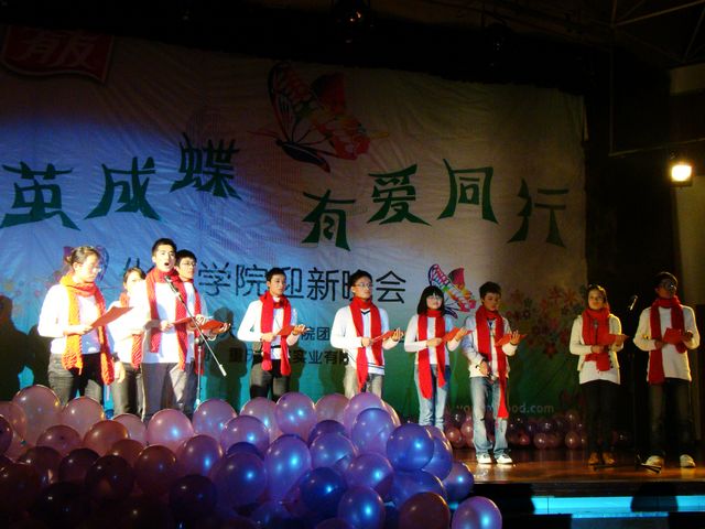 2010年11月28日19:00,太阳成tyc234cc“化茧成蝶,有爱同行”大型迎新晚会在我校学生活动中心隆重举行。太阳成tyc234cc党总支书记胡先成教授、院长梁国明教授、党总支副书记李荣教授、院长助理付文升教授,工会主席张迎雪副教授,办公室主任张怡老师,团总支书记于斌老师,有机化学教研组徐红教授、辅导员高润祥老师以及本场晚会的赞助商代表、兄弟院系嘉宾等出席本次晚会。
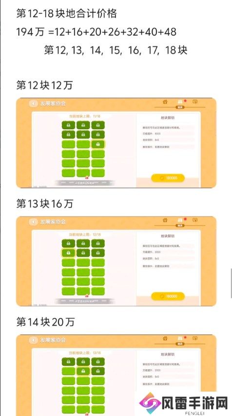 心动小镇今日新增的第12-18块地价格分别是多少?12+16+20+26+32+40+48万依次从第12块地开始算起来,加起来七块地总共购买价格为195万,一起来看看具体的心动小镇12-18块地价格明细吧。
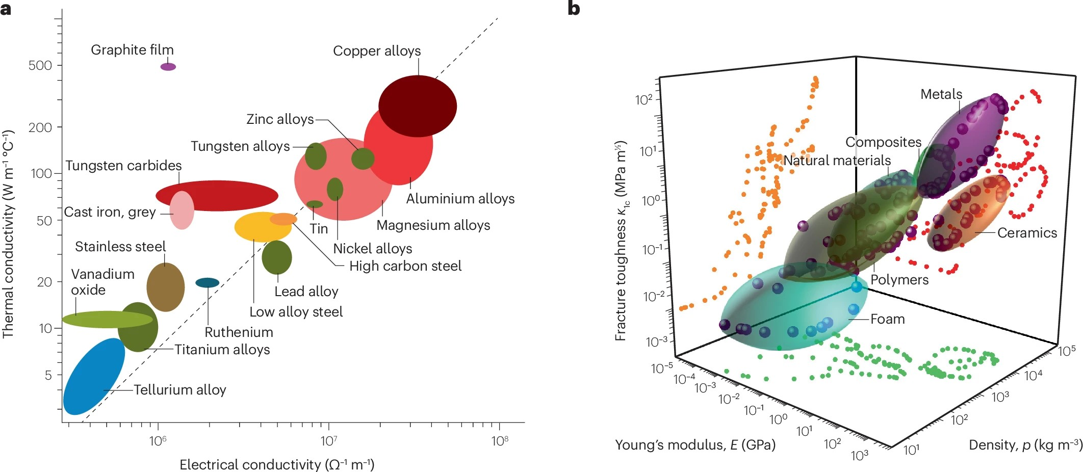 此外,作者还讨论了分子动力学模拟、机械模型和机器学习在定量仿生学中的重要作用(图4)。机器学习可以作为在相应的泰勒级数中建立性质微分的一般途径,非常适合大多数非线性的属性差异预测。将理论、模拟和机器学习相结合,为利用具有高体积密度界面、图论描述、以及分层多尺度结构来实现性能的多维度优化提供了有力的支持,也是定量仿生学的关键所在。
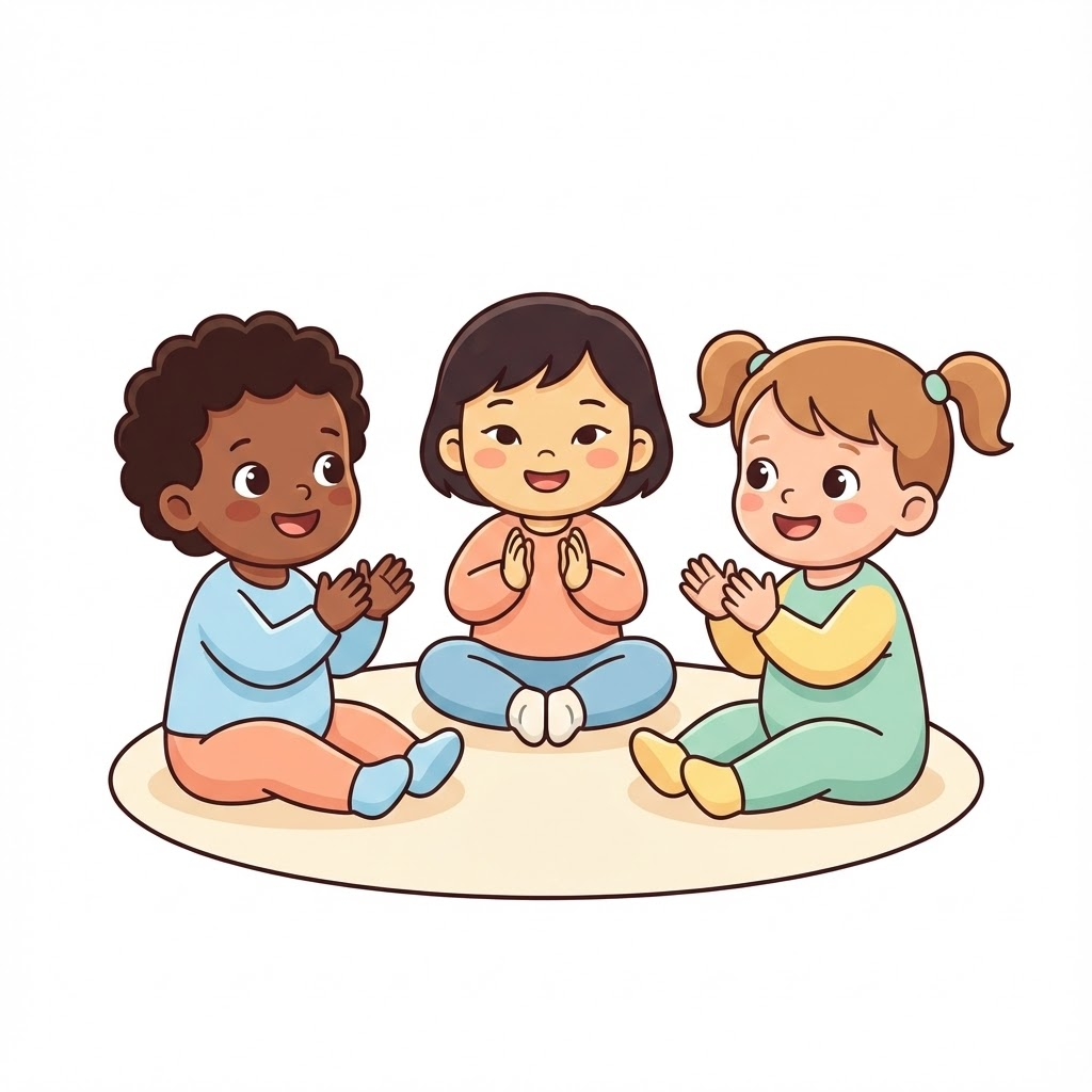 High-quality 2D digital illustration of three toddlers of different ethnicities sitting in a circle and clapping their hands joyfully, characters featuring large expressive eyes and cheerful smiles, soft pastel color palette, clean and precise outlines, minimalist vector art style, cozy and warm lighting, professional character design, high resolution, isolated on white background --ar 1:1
= = = = = = =
§ TASK STATEMENT: The answer should contain every line of the material exactly as written and no pictures.

§ SOLUTION:
 2010年11月28日19:00,太阳成tyc234cc“化茧成蝶,有爱同行”大型迎新晚会在我校学生活动中心隆重举行。太阳成tyc234cc党总支书记胡先成教授、院长梁国明教授、党总支副书记李荣教授、院长助理付文升教授,工会主席张迎雪副教授,办公室主任张怡老师,团总支书记于斌老师,有机化学教研组徐红教授、辅导员高润祥老师以及本场晚会的赞助商代表、兄弟院系嘉宾等出席本次晚会。
 心动小镇今日新增的第12-18块地价格分别是多少?12+16+20+26+32+40+48万依次从第12块地开始算起来,加起来七块地总共购买价格为195万,一起来看看具体的心动小镇12-18块地价格明细吧。
 此外,作者还讨论了分子动力学模拟、机械模型和机器学习在定量仿生学中的重要作用(图4)。机器学习可以作为在相应的泰勒级数中建立性质微分的一般途径,非常适合大多数非线性的属性差异预测。将理论、模拟和机器学习相结合,为利用具有高体积密度界面、图论描述、以及分层多尺度结构来实现性能的多维度优化提供了有力的支持,也是定量仿生学的关键所在。
 High-quality 2D digital illustration of three toddlers of different ethnicities sitting in a circle and clapping their hands joyfully, characters featuring large expressive eyes and cheerful smiles, soft pastel color palette, clean and precise outlines, minimalist vector art style, cozy and warm lighting, professional character design, high resolution, isolated on white background --ar 1:1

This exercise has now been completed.